I've been using the new Default style since...ooh, when was it that it was first set up, Michael? A couple months or so now. Close at least.

At first, it bothered me because it was so close but so different. Yet I kept using it, and now I've grown to absolutely love it. People are talking of professionalism and such in web design. People, IMO, the site looks MORE professional like this. Its not just a blank flat color(which isn't bad), and it has more life to it. Five years and a site needs a good kick. And if you don't like it...well, live with it until the 'old' Default is back. Honestly, it isn't nearly as bad as some of you seem to be acting, and trust me on this...Michael has been working his BUTT off on this style to get it just right.


----------



## Turanil (Dec 28, 2004)

buzz said:
			
		

> That said, I'm finding that the PHB theme is working for me and keeping things readable.
> 
> I'm sorry you feel disappointed, Michael. I hate to be Mr. Crabby. Still, I want to contribute opinions that I hope will make ENWorld better for everyone, and I can't help but comment that the new uber-textured look is just very hard on my eyes, looks dated, and the non-color-coded, textured post icons are proving less helpful to me.




I second these comments.

Nonetheless, thanks for all the great job you do for free on Enworld. I can clearly see you spent much time on it, and know how it is then to hear about people's complaint, especially when those people don't do anything themselves to improve the site. In any case, even if I said that the new default style is tiring on my eyes, I must say the new PHB style, on the other hand, is very well done.


----------



## barsoomcore (Dec 28, 2004)

Hey, MM, I'm sorry you feel underappreciated. If you're not enjoying it, don't do it.

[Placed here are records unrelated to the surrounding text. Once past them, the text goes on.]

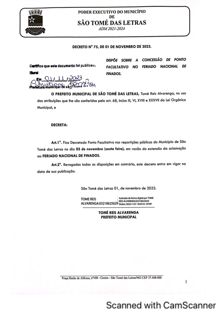 DECRETO 75 – DISPÕE SOBRE A CONCESSÃO DE PONTO FACULTATIVO NO FERIADO NACIONAL DE FINADOS Início / Notícia /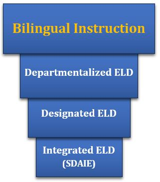 English Learner authorizations are tiered, with each subsequent authorization subsumed within the higher authorization level. Therefore, educators who hold a Bilingual Authorization are authorized to provide Integrated ELD, Designated ELD, Departmentalized ELD and Bilingual/Primary Language Instruction. Likewise, educators who hold a full English Learner Authorization (such as the ELA1 or S12), may provide Integrated ELD, Designated ELD and Departmentalized ELD.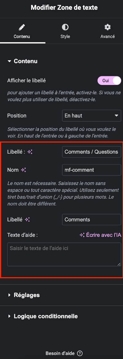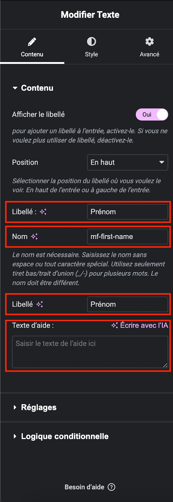 Utilisez le widget "Texte" et personnalisez-le en accédant à l'onglet "Contenu". Vous pouvez modifier le libellé, le nom et ajouter un texte d'aide.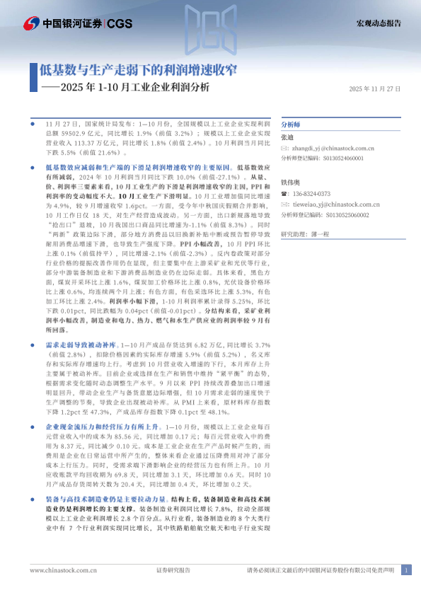 【银河证券】【202511】低基数与生产走弱下的利润增速收窄——2025年1-10月工业企业利润分析-5页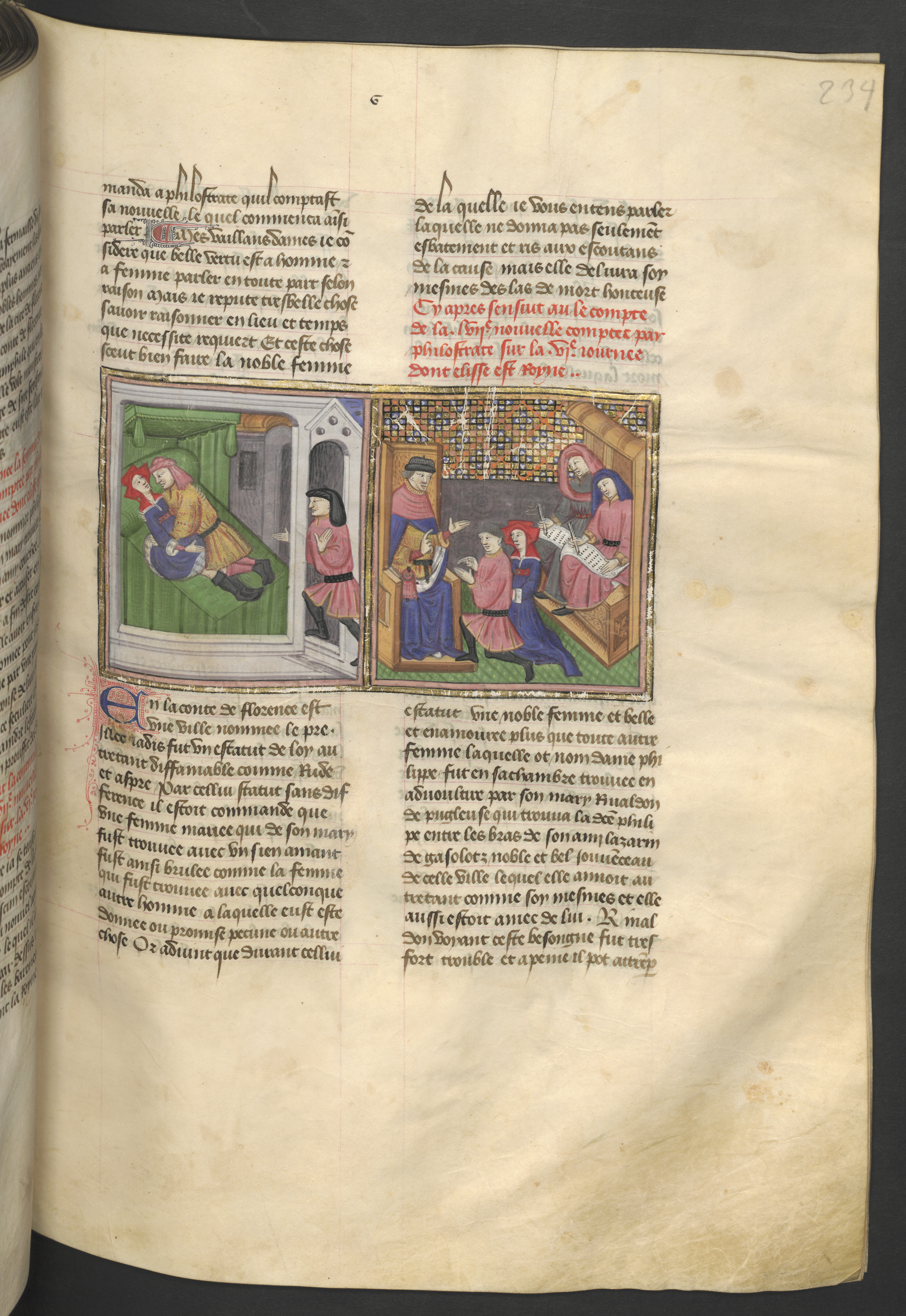 Vienna, Österreichische Nationalbibliothek, 2561, f. 234r. Filippa viene scoperta dal marito durante l'adulterio; la donna si difende dinanzi al giudice e fa cambiare lo statuto della città di Prato.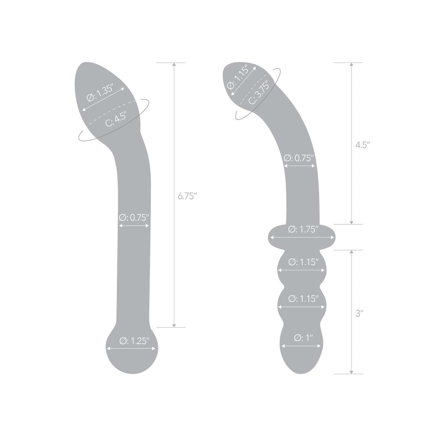 Zestaw dwóch szklanych dild do stymulacji punktu G. Gładkie, zakrzywione kształty, jeden z końców żebrowany. Wykonane z hipoalergicznego szkła borokrzemowego, łatwe w czyszczeniu. Idealne do eksperymentów z temperaturą.

I believe you that it's a huge amount of effort to make these new styles. Which leads back to my original question: why do it if the current style is working okay? I mean, if there isn't a compelling reason to make the change, why bother, given that it's so much effort?

Nothing looks more mechanical than repeating patterns -- the textures currently part of this theme look MORE mechanical than the flat colours we had before, not less. Take a look at the great dialog sites on the net -- SlashDot, A List Apart, Wikipedia. Look at the Creative Commons site. Heck, look at Google, probably the most useful site on the entire internet. They don't look mechanical, they look SIMPLE. USEFUL. COMFORTABLE. They don't sprawl with repetitive textures

I spend a lot of time on ENWorld -- and I PAY to do so. When you go ahead and make a bunch of changes without consulting me, and make the site significantly less useful to me, I'm sorry, but I'm not going to tell you I'm happy about it. If that makes you angry, well, again I'm sorry. But like buzz and Turanil have said, I consider it important that I contribute my opinions to the discussion on how this site should look. You're free to ignore them, of course.

Nobody knows better than I how much work you're putting into this, Mike. I'm not trying to call you names. I'm trying to tell you that this appearance makes the site less useful to me.


----------



## drakhe (Dec 28, 2004)

*MM, you got my thumbs up!*

First of all, MM, you've got my thumbs up. I'm in IT also (not exactly webdesign but close enough) and I know what levels of effort are required and then some. I also have no problem whatsoever with the new style. It sure is as readable as the previous default and I'm guessing that with over 20000 members, there would be some complaints if you go back. With 20000+ members, there's going to be comments whatever you do.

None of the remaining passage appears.